I noticed the number of bigrams is higher than the number of unigrams and that there are more trigrams than there are bigrams. So basically, the number of ngrams are more than the number of unigrams. I don't understand how this is possible.
New Delhi is the capital of India.
No of unigrams - 7
No of bigrams - 6
No of trigrams - 5
Here I am clearly seeing that the number of unigrams will always be greater than ngrams.
Number of Words in a bigram is greater than the number of words in a unigram. Similarly, number of words in a trigram is greater than the number of words in a bigram.
This is true if you would perform it on an actual dataset that contains many strings. If you would perform it on a single string then the result would be the opposite.
Let us understand it with the help of an example. Let us say string 1 contains: w1,w2,w3,w4,w5,w6
and string 2 contains: w1,w7,w3,w2,w5,w4,w6
.
so total no of unigrams over here is {w1,w2,w3,w4,w5,w6,w7}. So total number of words in unigram is 7.

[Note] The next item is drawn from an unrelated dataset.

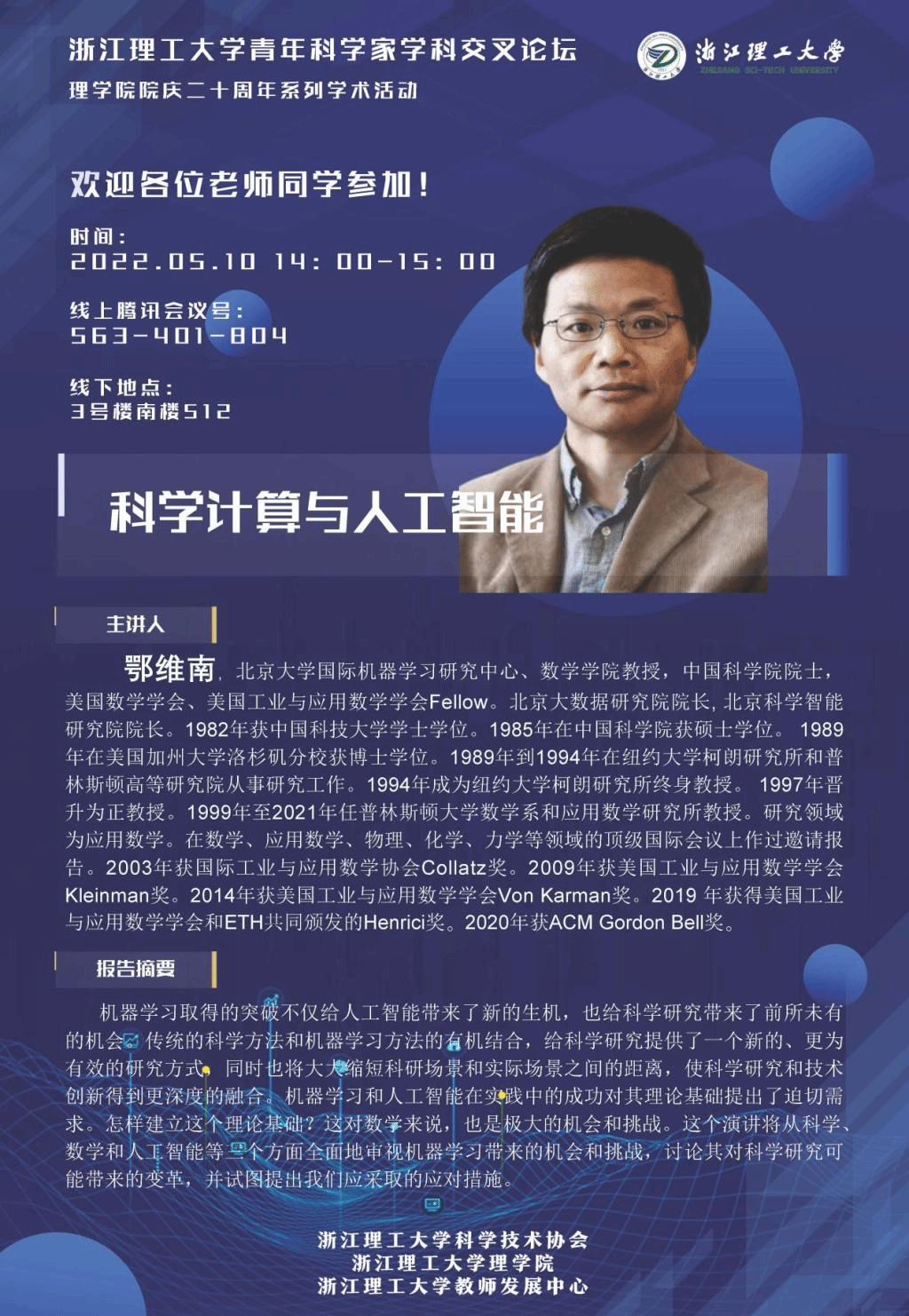 本年度首期青年科学家学科交叉论坛由理学院承办,将分三次举行,本期为第二讲。本次邀请的主讲嘉宾为北京大学国际机器学习研究中心、数学学院教授,中国科学院院士鄂维南,山西大学理论物理研究所副教授陈立,浙江理工大学信息学院副教授马汉杰。本期主题将围绕科学计算与人工智能开展交流和探讨。

Now let us see in the case of a bigram. Total number of words in bigrams are:
{(w1,w2),(w2,w3),(w3,w4),(w4,w5),(w5,w6),(w1,w7),(w7,w3),(w3,w2),(w2,w5),(w5,w4),(w4,w6)}
So total no of words in bigram over here is 11.
This happens because there are many words that repeat in case of unigram but in case of bigram fewer words repeat and in case of trigrams even lesser number of words would repeat. As you would increase the value of n in n-grams fewer number of words would start to repeat and hence the number of words increases as you increase in the value of n in n-grams.